Android May Be Coming to TVs, Tablets at I/O

 
 
By Clint Boulton  |  Posted 2010-05-16
 
 
 

Android 2.2, Google TV Expected at Google I/O


The Google I/O conference launches May 19 and, years later, industry watchers may look back on this instance of this increasingly popular event as a celebration of the open-source Android platform, or perhaps even as the Android Festival.

eWEEK has been tracking the news leading up to this third I/O event and most of the buzz centers around Android. Google I/O in 2009 brought the world Google Wave, sparking a love affair with real-time collaboration software for the next six months. Now Wave rarely registers as a blip on most high-tech watchers' radar despite having more than 1 million users.

One thing that seems certain to launch at Google I/O is Android 2.2, or "Froyo."

Android father Andy Rubin said himself Froyo was coming and Adobe Systems confirmed that Flash 10.1 would be featured on Froyo phones. Adobe has been offering reporters Nexus One devices loaded with Android 2.2 and Flash 10.1 to test ahead of the event.

Android 2.2 is already turning heads for its blazing fast speed on the Linpack benchmark, and for features such as data tethering and a WiFi hot spot.

Moreover, it is believed that Froyo will help with the fragmentation problem plaguing the Android platform by decoupling some of the core applications from the operating system and making them accessible in the Android Market.

Another big rumor is that Google TV, or at least a flavor of Android running on set-top boxes, will make its debut at Google I/O.

Google TV, as it is currently known, is a platform and service that will run Web applications on televisions thanks to set-top boxes.

The Google TV set-top box is said to run Android and be powered by Intel chips, and will make Sony televisions and even Blu-ray DVD players function like computers, running Google search, the Chrome Web browser, and YouTube and other programs.

Android May Be Coming to TVs, Tablets at I/O


Ideally, such as service would provide a bigger computing palette for Google, allowing users to access Web applications from their PCs. Developers will be able to write entertainment-oriented programs for the service, potentially spawning a whole new application ecosystem.

Want more Android?
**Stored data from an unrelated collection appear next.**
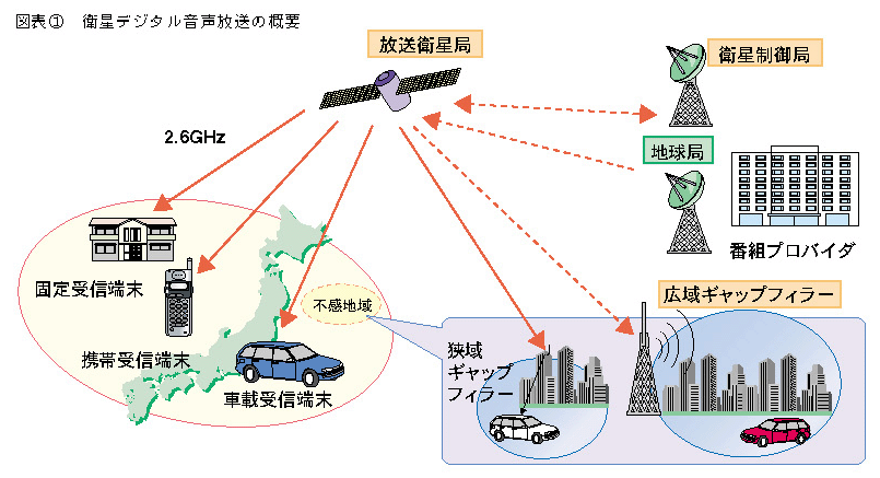 衛星デジタル音声放送は、衛星からの電波を主とし、衛星からの電波が遮断されるエリアをカバーするための補助的な地上無線設備(ギャップフィラー)を活用することで、日本全国均一なサービスの提供を可能にするものである(図表1))。
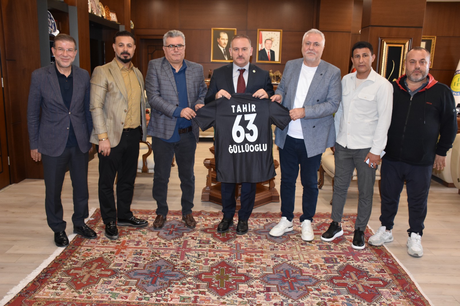Şanlıurfaspor Kulübü yönetimi, Harran Üniversitesi Rektörü Prof. Dr. Mehmet Tahir Güllüoğlu’nu makamında ziyaret etti. Ziyarette, kulüp yöneticileri Şanlıurfaspor’a yönelik sürekli desteklerinden dolayı Rektör Prof. Dr. Güllüoğlu’na teşekkürlerini iletti.
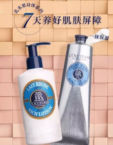欧舒丹经典乳木果身体系列包含不同乳木果油含量的保湿产品,满足不同肤质需求。欧舒丹乳木果经典润手霜作为经典乳木果身体系列的明星产品,富含20%的乳木果油,质地丰盈,轻松缓解双手干燥不适。一抹保湿8小时,保护手部肌肤屏障,快速吸收不留印。欧舒丹乳木果身体润肤露,富含15%的乳木果油,保湿效果长达48小时,改善干纹细纹,使身体的每个细节都滋养不粘腻,是日常身体护理必备单品。
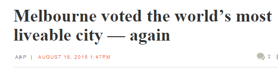 对于住在墨尔本的人来说,当墨尔本连续5年被评为“全世界最宜居”城市之时,应该是丝毫不会感到惊讶的。

Google and General Motors will likely pair smartphones based on the Android operating system with GM's OnStar driver roadside assistance service.
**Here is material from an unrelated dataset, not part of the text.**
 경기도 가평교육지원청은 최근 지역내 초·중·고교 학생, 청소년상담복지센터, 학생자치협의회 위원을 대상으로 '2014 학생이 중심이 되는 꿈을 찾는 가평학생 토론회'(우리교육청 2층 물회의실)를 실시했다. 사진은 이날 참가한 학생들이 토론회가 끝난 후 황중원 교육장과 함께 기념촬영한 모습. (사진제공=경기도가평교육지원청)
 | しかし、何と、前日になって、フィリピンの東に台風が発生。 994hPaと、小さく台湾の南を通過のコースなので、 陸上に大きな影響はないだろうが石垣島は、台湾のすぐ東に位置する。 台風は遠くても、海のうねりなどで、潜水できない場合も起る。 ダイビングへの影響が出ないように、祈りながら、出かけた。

The Wall Street Journal initially reported the news the week of May 10, noting that OnStar President J. Christopher Preuss said on his Facebook account that OnStar would have big news the following week.

OnStar will certainly be at Google I/O; a spokesperson for the company asked eWEEK to join OnStar for a media dinner where officials will "demonstrate some of our latest technologies, plus give a peek at some new things we're considering for the future."

Make of that what you will, but eWEEK expects Android to be linked with OnStar.

Also, don't be surprised if Google officials talk about Android-based tablets. Verizon Wireless has confirmed it is working with Google on an Android-based tablet.

What better event at which to preview or unveil an Android tablet designed to tackle Apple's iPad, which is looking to lead the tablet sector the way the iPhone has dominated smartphone sales in the United States? Analysts are expecting several Android tablets.  

Is there anything at Google I/O that won't center on Android? Sure. eWEEK has heard from one prominent reseller of Google Apps that I/O will also be a big event for Google App Engine, but the source declined to go into specifics.

Introduced in 2008 at the inaugural Google I/O event, Google App Engine lets developers build their Web applications on the same infrastructure that powers Google's own applications.

Again, unless there is another surprise product or platform like last year's Wave, expect this event to be an Android festival. That means phones, tablets and set-top boxes running the increasingly ubiquitous platform.